Across an ocean, Smoke lay partly propped up in a hospital bed, feeding crusts to his crow. The crow sat on a perch in a square brass cage, the door of the cage wide open, on a table to Smoke’s left.

Beside the table was a cot, on which Alouette slept, curled up. She had insisted on sleeping in the same room with him, supposedly to keep him company. The TV was on, but Alouette could sleep through anything. It was because of her—because the nurses could deny her nothing—that the hospital had grudgingly allowed Smoke to keep the crow here, though the bird was supposed to be in the cage.

To the right of his narrow bed was a machine that fed him through a tube in his right arm. There was a bandaged hole in his chest, just under his sternum. A TV on the wall across from him chattered happily about peace negotiations. The New-Soviets. The new president. The disappearance of key American SA personnel. Not a word about the European SA. It was like the Iran/Contra hearings in the last century; then, too, the investigators had looked just so far and no farther. The Iran/Contra investigators ignored the evidence linking the president. It was now as it was then—as if they didn’t want to see certain things. Didn’t even want to think about them.

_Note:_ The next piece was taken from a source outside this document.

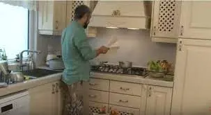 در تصویری از دکوراسیون منزل مهدی پاکدل، آشپزخانه و ناهارخوری به رنگ سفید کرمی دیده میشود. طراحی آشپزخانه به سبک نئوکلاسیک است و در بخشهایی از کابینتها، ویترینی به کار رفته است. روبروی این آشپزخانه، میز کنسول با آینهای چندبخشی قرار دارد که رنگ آن با تنالیته رنگهای کابینتها و کاغذ دیواری هماهنگ است. میز ناهارخوری کنار اپن آشپزخانه قرار گرفته است، که دسترسی به وسایل پذیرایی را آسانتر میکند. صندلیهای غذاخوری به رنگ آبی هستند، که دکور این قسمت از خانه را از یکنواختی خارج کرده و تنوع بخشیده است.

On Smoke’s lap was a clipboard and a letter he’d scrawled to Steinfeld. He wondered who he could trust to take it . . . so that Witcher wouldn’t intercept it. Witcher wouldn’t like the last paragraph:

I’m worried about Witcher. Did he ever give you his lecture on World Government and why it’s the next step? He has it all worked out, or so he thinks. He doesn’t like the SA
’s
notion of a world government. He prefers his own ideas. His personal vision of One World. He doesn’t even hint about his part in it. But I think we should both be worried about him.

Smoke tore the sheet off the clipboard and stared at it. Then he tore it into many small pieces and let them drift to the floor.

He sighed. He no longer ached all the time, no longer felt feverish. But he was tired. Needed to rest. After he got out of the hospital, there would be work. There would be no rest for the handful who felt the chill; who acknowledged the shadow of the Eclipse.

The Puerto Rican nurse came in and said, “You want me to turn off the TV? You look tired.”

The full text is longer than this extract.